The answer is the full set of records, given again exactly and without images.
━━ Source material ━━
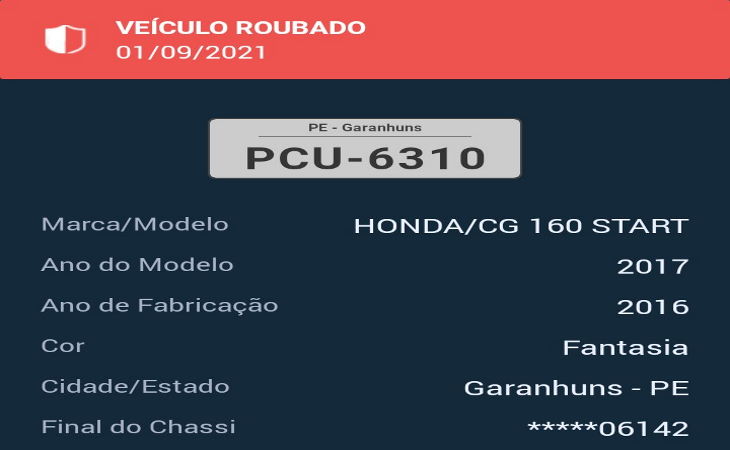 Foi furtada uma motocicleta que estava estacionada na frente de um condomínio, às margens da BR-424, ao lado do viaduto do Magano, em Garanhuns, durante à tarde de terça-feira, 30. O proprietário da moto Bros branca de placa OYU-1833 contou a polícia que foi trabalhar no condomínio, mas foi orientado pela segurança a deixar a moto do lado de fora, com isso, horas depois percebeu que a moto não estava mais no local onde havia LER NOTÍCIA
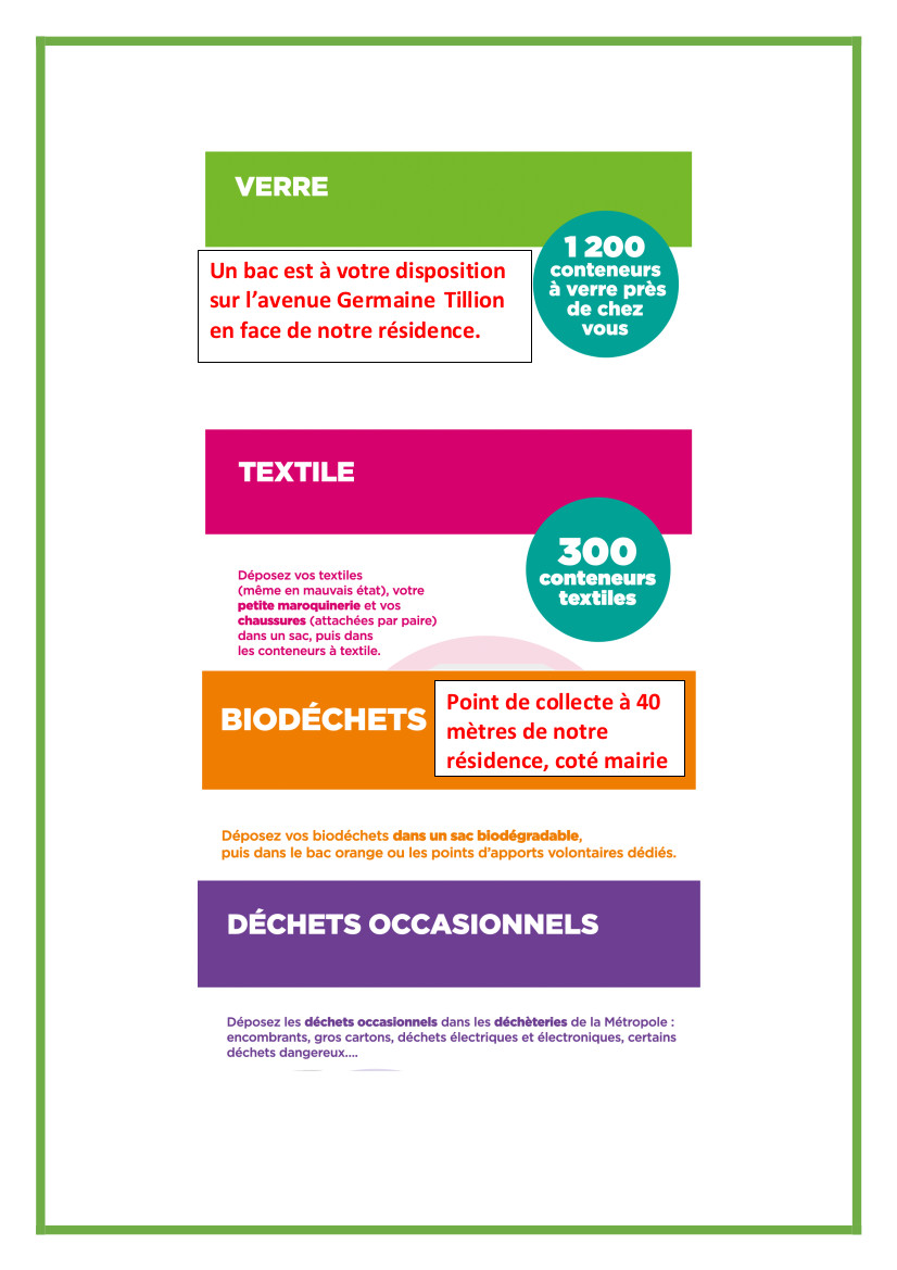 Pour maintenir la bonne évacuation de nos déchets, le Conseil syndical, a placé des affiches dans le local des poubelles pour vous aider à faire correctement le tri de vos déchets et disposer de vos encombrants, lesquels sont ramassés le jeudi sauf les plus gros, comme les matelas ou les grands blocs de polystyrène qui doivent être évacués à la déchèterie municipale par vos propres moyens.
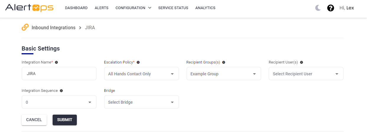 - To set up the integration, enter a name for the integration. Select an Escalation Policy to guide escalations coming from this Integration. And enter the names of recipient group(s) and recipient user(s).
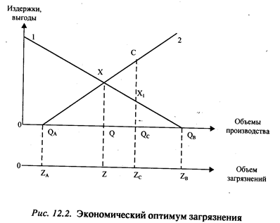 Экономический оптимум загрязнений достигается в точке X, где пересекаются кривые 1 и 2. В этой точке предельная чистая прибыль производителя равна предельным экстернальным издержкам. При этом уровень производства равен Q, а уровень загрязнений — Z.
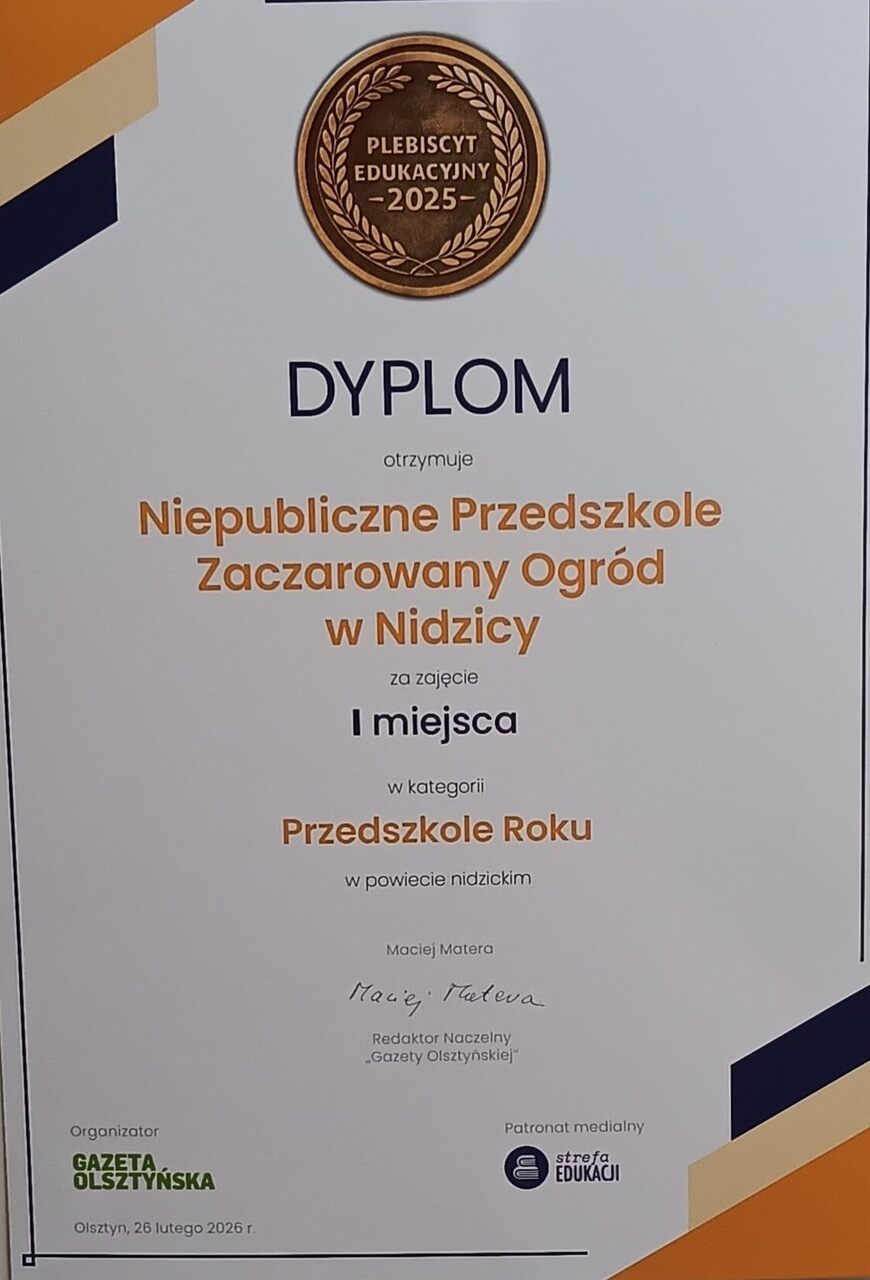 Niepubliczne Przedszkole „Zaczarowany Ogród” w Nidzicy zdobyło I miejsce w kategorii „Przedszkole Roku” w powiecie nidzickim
━━━
**Solution:**
 Foi furtada uma motocicleta que estava estacionada na frente de um condomínio, às margens da BR-424, ao lado do viaduto do Magano, em Garanhuns, durante à tarde de terça-feira, 30. O proprietário da moto Bros branca de placa OYU-1833 contou a polícia que foi trabalhar no condomínio, mas foi orientado pela segurança a deixar a moto do lado de fora, com isso, horas depois percebeu que a moto não estava mais no local onde havia LER NOTÍCIA
 Pour maintenir la bonne évacuation de nos déchets, le Conseil syndical, a placé des affiches dans le local des poubelles pour vous aider à faire correctement le tri de vos déchets et disposer de vos encombrants, lesquels sont ramassés le jeudi sauf les plus gros, comme les matelas ou les grands blocs de polystyrène qui doivent être évacués à la déchèterie municipale par vos propres moyens.
 - To set up the integration, enter a name for the integration. Select an Escalation Policy to guide escalations coming from this Integration. And enter the names of recipient group(s) and recipient user(s).
 Экономический оптимум загрязнений достигается в точке X, где пересекаются кривые 1 и 2. В этой точке предельная чистая прибыль производителя равна предельным экстернальным издержкам. При этом уровень производства равен Q, а уровень загрязнений — Z.
 Niepubliczne Przedszkole „Zaczarowany Ogród” w Nidzicy zdobyło I miejsce w kategorii „Przedszkole Roku” w powiecie nidzickim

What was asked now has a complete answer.